## Task instructions
Where the lines below hold images, skip those and copy every word exactly.

## Given information
....
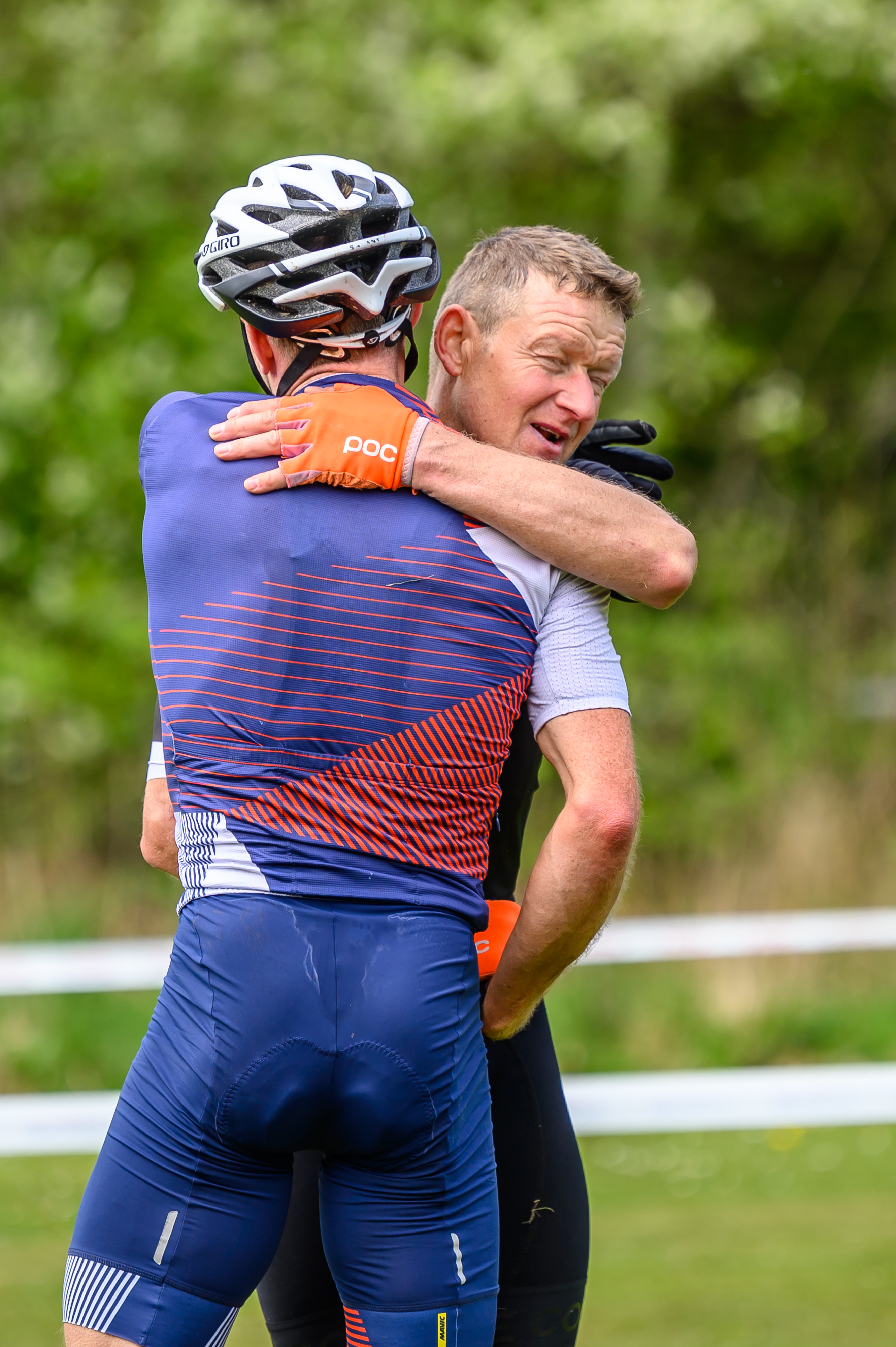 The start (and finish) was a large grassy straight with a big, very wide turn at the bottom. More wide straight before hitting the singletrack of one of the built trails. Like Newcastleton then, a good start was important in order to get your position before the singletrack. Few wiggles through the woods, out onto the field under the pit head and back into the woods before the climb. There was a lovely ribbon of singletrack through the flowering gorse and broom just before a grassy climb. Not just any grassy climb – this had the addition of fresh cow poo for an extra something. The SXC lot do like to treat you. Then the climb continued on a firmer track to the start of the lovely descent. Through the trees with plenty of roots, a few rocks and a couple of (small) drops. So many lines to choose, so many trees to have a quick hug with on the way through. Then a fun section on one of the man-made trails which brought you back to the grassy field and the finish. Fast, flowy and with nowhere obvious to make an attack, it was going to be a race about energy management, and we reckoned there were going to be a few sprint finishes.
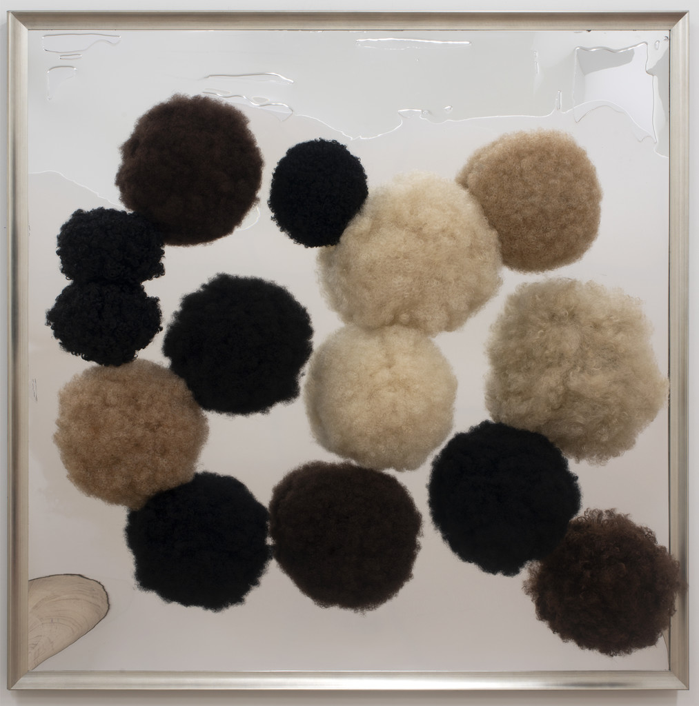 Afro wigs on foam heads, epoxyglass, on perspex, 200 x 200 cm
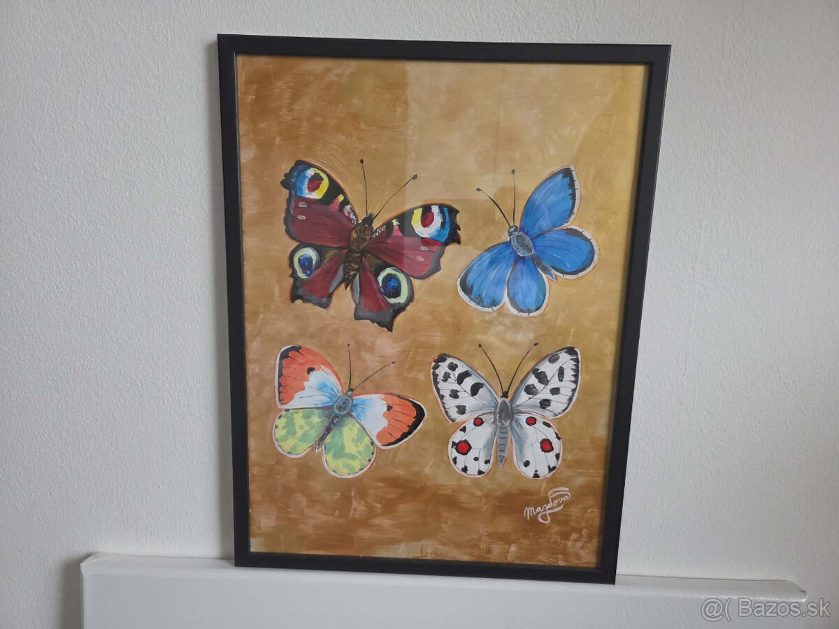 Výnimočný darček na Vianoce? Originál akryl na akvarelovom papieri, rámik rozmer 30x40cm, cena 50€, motív : Motýle. Jedinečný motív, ktorý oživí Váš interiér. Ideálne osobný odber v Žiline, alebo po dohode je možne zaslať aj na dobierku
....
## Result of this exercise
 The start (and finish) was a large grassy straight with a big, very wide turn at the bottom. More wide straight before hitting the singletrack of one of the built trails. Like Newcastleton then, a good start was important in order to get your position before the singletrack. Few wiggles through the woods, out onto the field under the pit head and back into the woods before the climb. There was a lovely ribbon of singletrack through the flowering gorse and broom just before a grassy climb. Not just any grassy climb – this had the addition of fresh cow poo for an extra something. The SXC lot do like to treat you. Then the climb continued on a firmer track to the start of the lovely descent. Through the trees with plenty of roots, a few rocks and a couple of (small) drops. So many lines to choose, so many trees to have a quick hug with on the way through. Then a fun section on one of the man-made trails which brought you back to the grassy field and the finish. Fast, flowy and with nowhere obvious to make an attack, it was going to be a race about energy management, and we reckoned there were going to be a few sprint finishes.
 Afro wigs on foam heads, epoxyglass, on perspex, 200 x 200 cm
 Výnimočný darček na Vianoce? Originál akryl na akvarelovom papieri, rámik rozmer 30x40cm, cena 50€, motív : Motýle. Jedinečný motív, ktorý oživí Váš interiér. Ideálne osobný odber v Žiline, alebo po dohode je možne zaslať aj na dobierku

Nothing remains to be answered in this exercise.